Problem
Give back every record verbatim, but not the pictures.

Data for this task
Start of Block
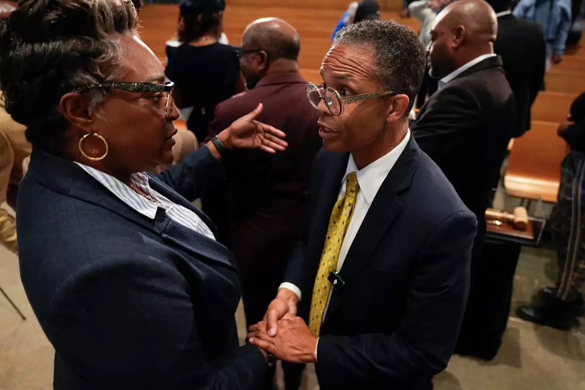 Former Illinois Rep. Jesse Jackson Jr., right, speaks to Knitasha Washington during an event where he was endorsed by the Southland Minister Alliance as a candidate for his old congressional seat after more than a decade out of office, Oct. 15, 2025, at Victory Christian International Ministries in Park Forest, Ill. (AP Photo/Erin Hooley)
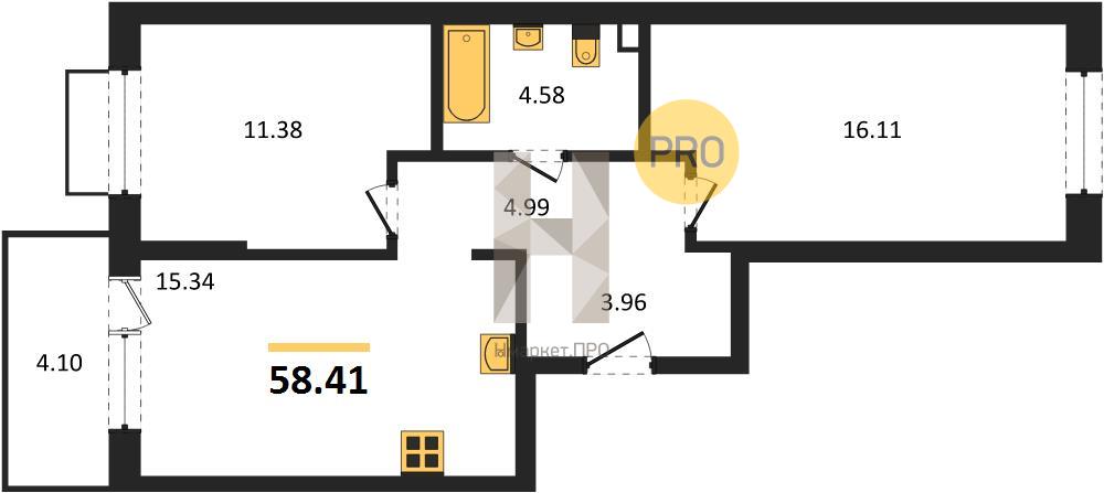 Квартира: 2 к 58,41 кв.м., 13 этаж в комплексе Rauta, 5 очередь, корп.6, сдача: 3кв. , этажей: 25, адрес Екатеринбург г., Пехотинцев ул., д. 2, корпус а, Застройщик: ГК ЭТАЛОН.
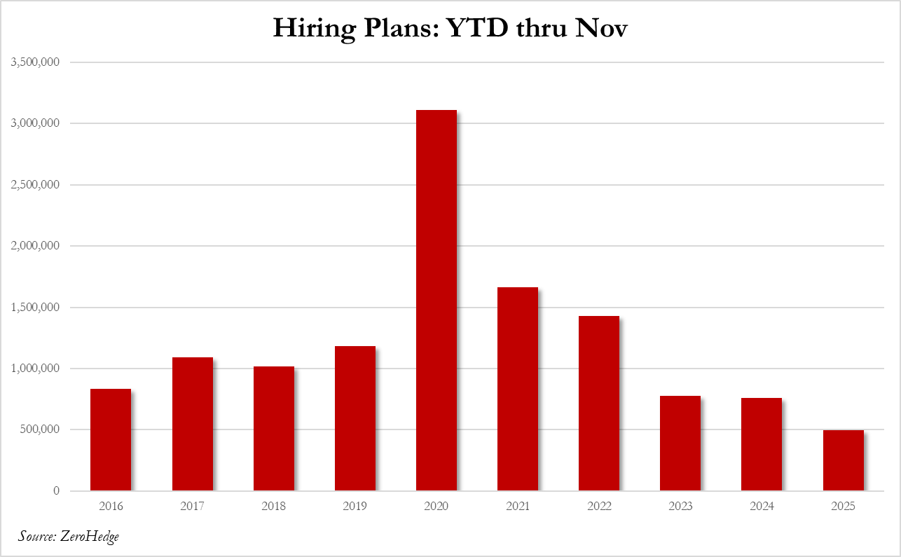 “Los planes de despidos cayeron el mes pasado, sin duda una señal positiva. Dicho esto, los recortes de noviembre han superado las 70.000 salidas solo dos veces desde 2008: en 2022 y en 2008”.
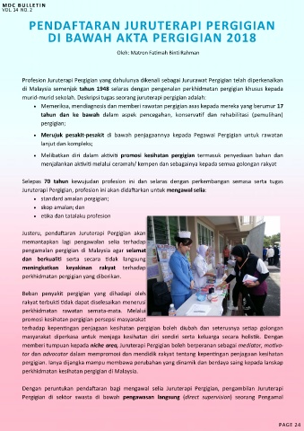 memberi tumpuan kepada niche area, Juruterapi Pergigian boleh berperanan sebagai mediator, motiva-
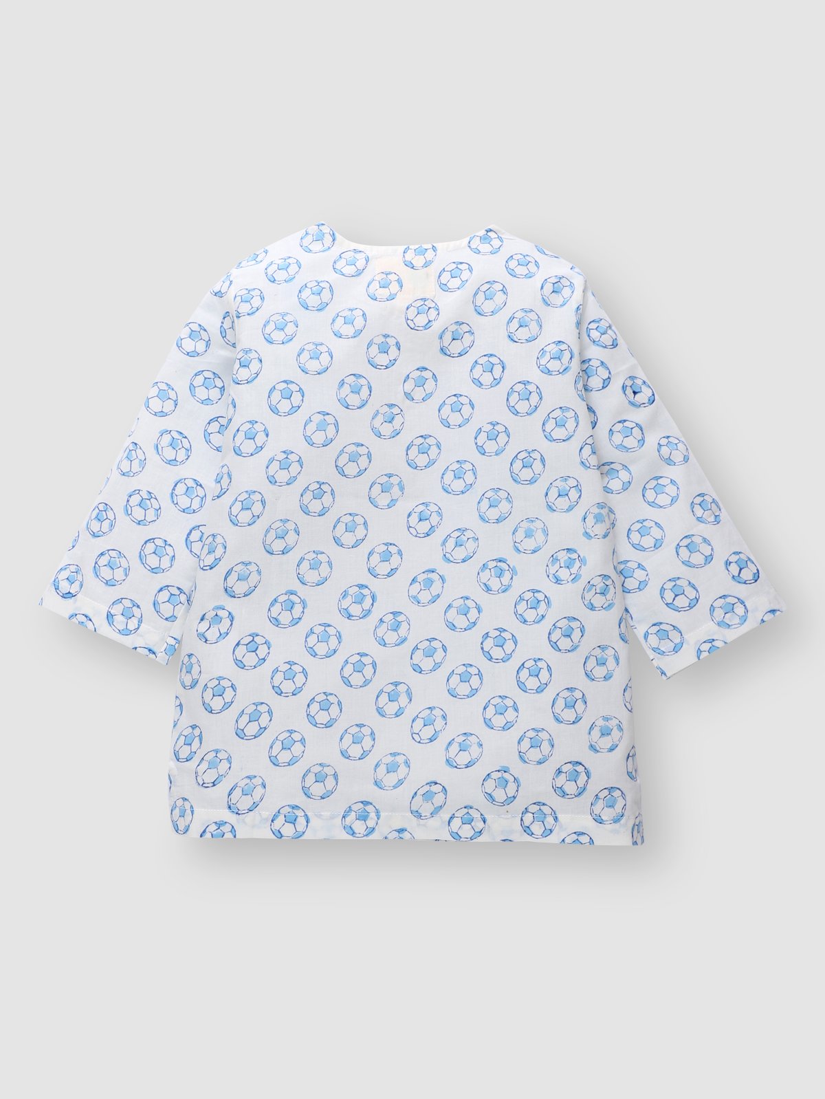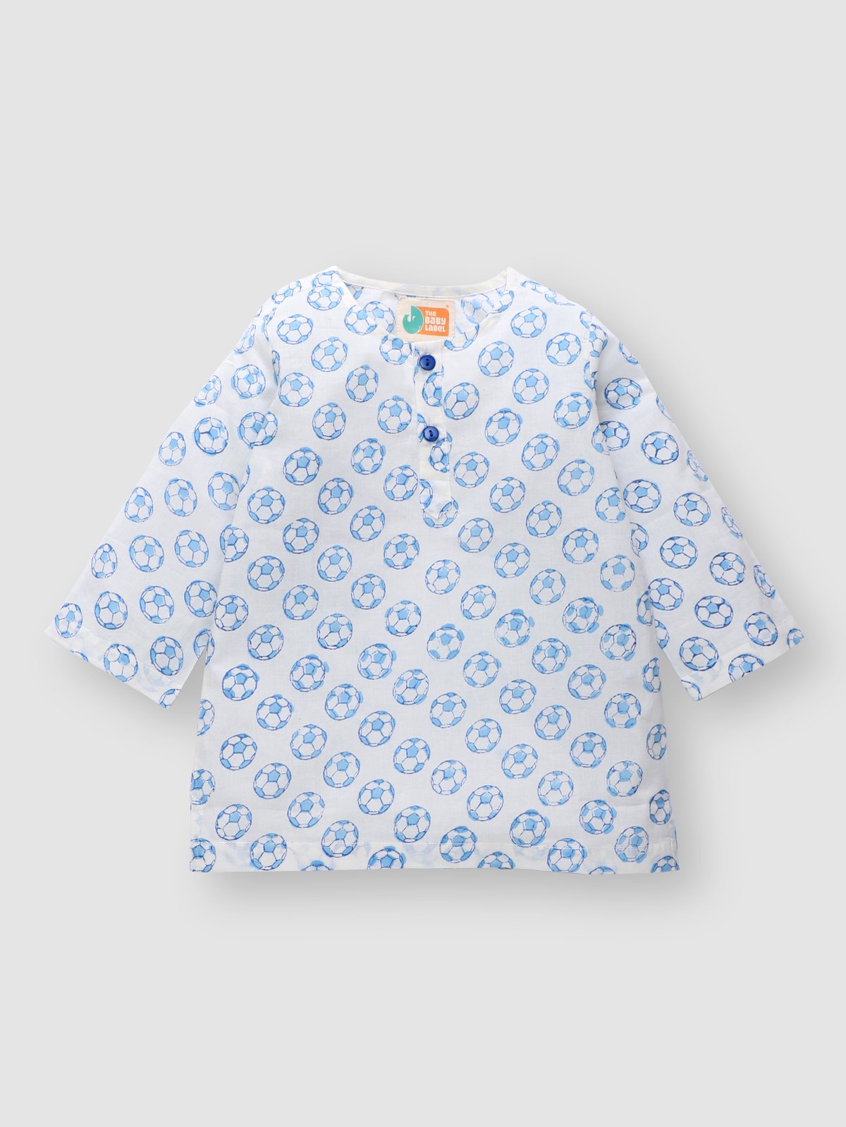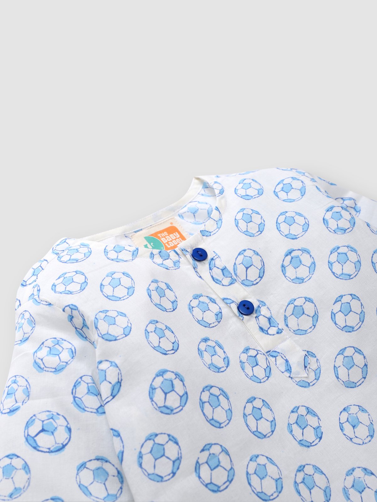 Your little football fan will absolutely love our hand block printed pajamas – ideal for those summer nights lounging at home or snuggled up in bed or for play. These pajamas will keep your child comfortable all through the year. Includes 100% cotton kurta with buttoned placket and a long elastic waist pant.
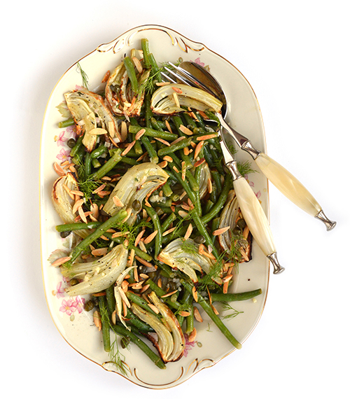 Serveren: Parkeer de venkel en sperziebonen in een grote schaal. Strooi de amandelen en het venkelgroen erover. Eet lauwwarm of op kamertemperatuur.
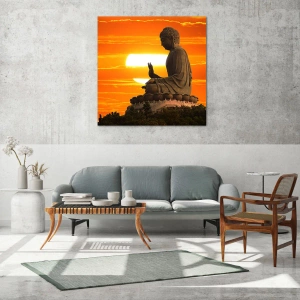 Quadro em vidro - Estátua de Buda com o pôr do sol como pano de fundo - 70x50cm - Sem medo do mundo - Decoração de parede moderna para a sala de estar e quarto ARTTOR
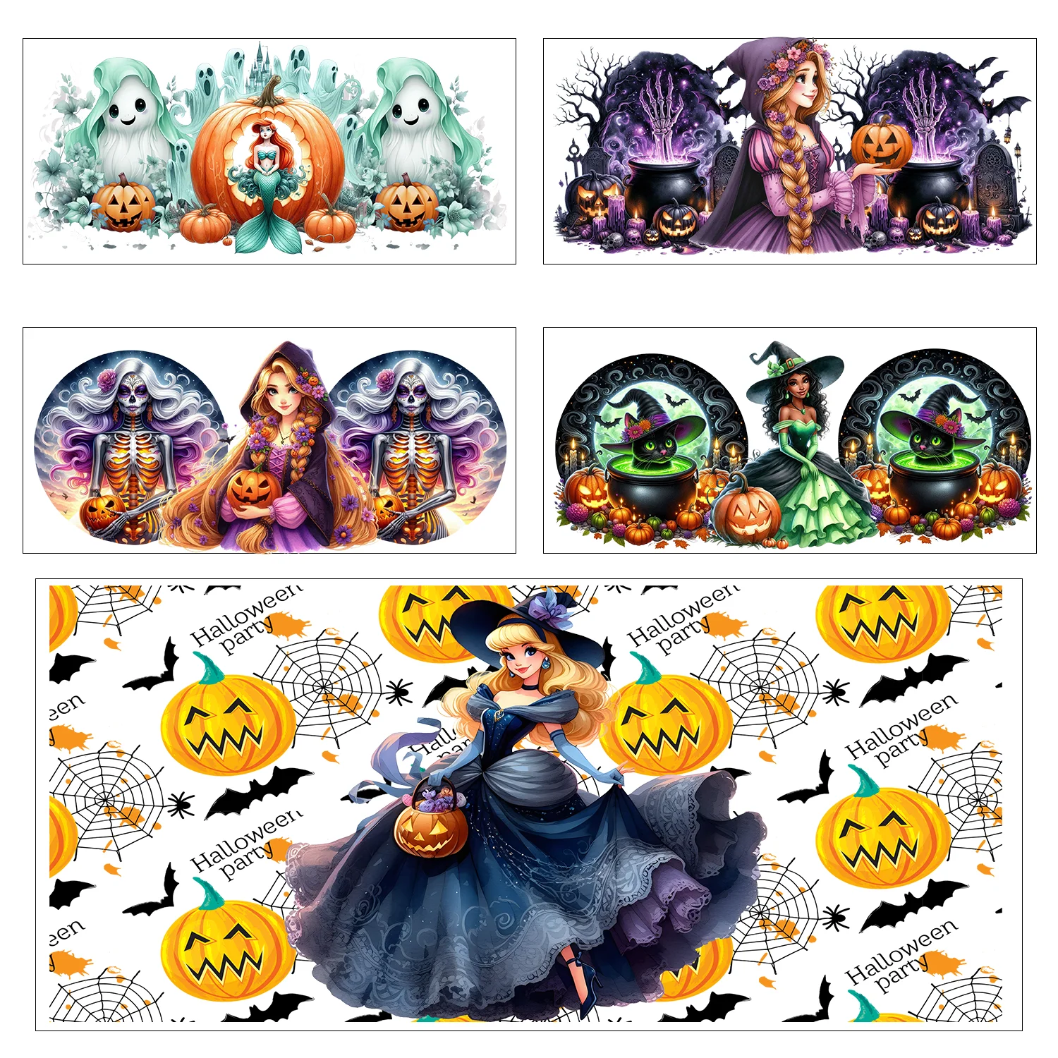 5/10 sheets Halloween cute Princess Series easy peel waterproof DIY Decals 3D transfers uvdtf stickers 16oz uv dtf cup wraps
End of Block
Output below
 Former Illinois Rep. Jesse Jackson Jr., right, speaks to Knitasha Washington during an event where he was endorsed by the Southland Minister Alliance as a candidate for his old congressional seat after more than a decade out of office, Oct. 15, 2025, at Victory Christian International Ministries in Park Forest, Ill. (AP Photo/Erin Hooley)
 Квартира: 2 к 58,41 кв.м., 13 этаж в комплексе Rauta, 5 очередь, корп.6, сдача: 3кв. , этажей: 25, адрес Екатеринбург г., Пехотинцев ул., д. 2, корпус а, Застройщик: ГК ЭТАЛОН.
 “Los planes de despidos cayeron el mes pasado, sin duda una señal positiva. Dicho esto, los recortes de noviembre han superado las 70.000 salidas solo dos veces desde 2008: en 2022 y en 2008”.
 memberi tumpuan kepada niche area, Juruterapi Pergigian boleh berperanan sebagai mediator, motiva-
 Your little football fan will absolutely love our hand block printed pajamas – ideal for those summer nights lounging at home or snuggled up in bed or for play. These pajamas will keep your child comfortable all through the year. Includes 100% cotton kurta with buttoned placket and a long elastic waist pant.
 Serveren: Parkeer de venkel en sperziebonen in een grote schaal. Strooi de amandelen en het venkelgroen erover. Eet lauwwarm of op kamertemperatuur.
 Quadro em vidro - Estátua de Buda com o pôr do sol como pano de fundo - 70x50cm - Sem medo do mundo - Decoração de parede moderna para a sala de estar e quarto ARTTOR
 5/10 sheets Halloween cute Princess Series easy peel waterproof DIY Decals 3D transfers uvdtf stickers 16oz uv dtf cup wraps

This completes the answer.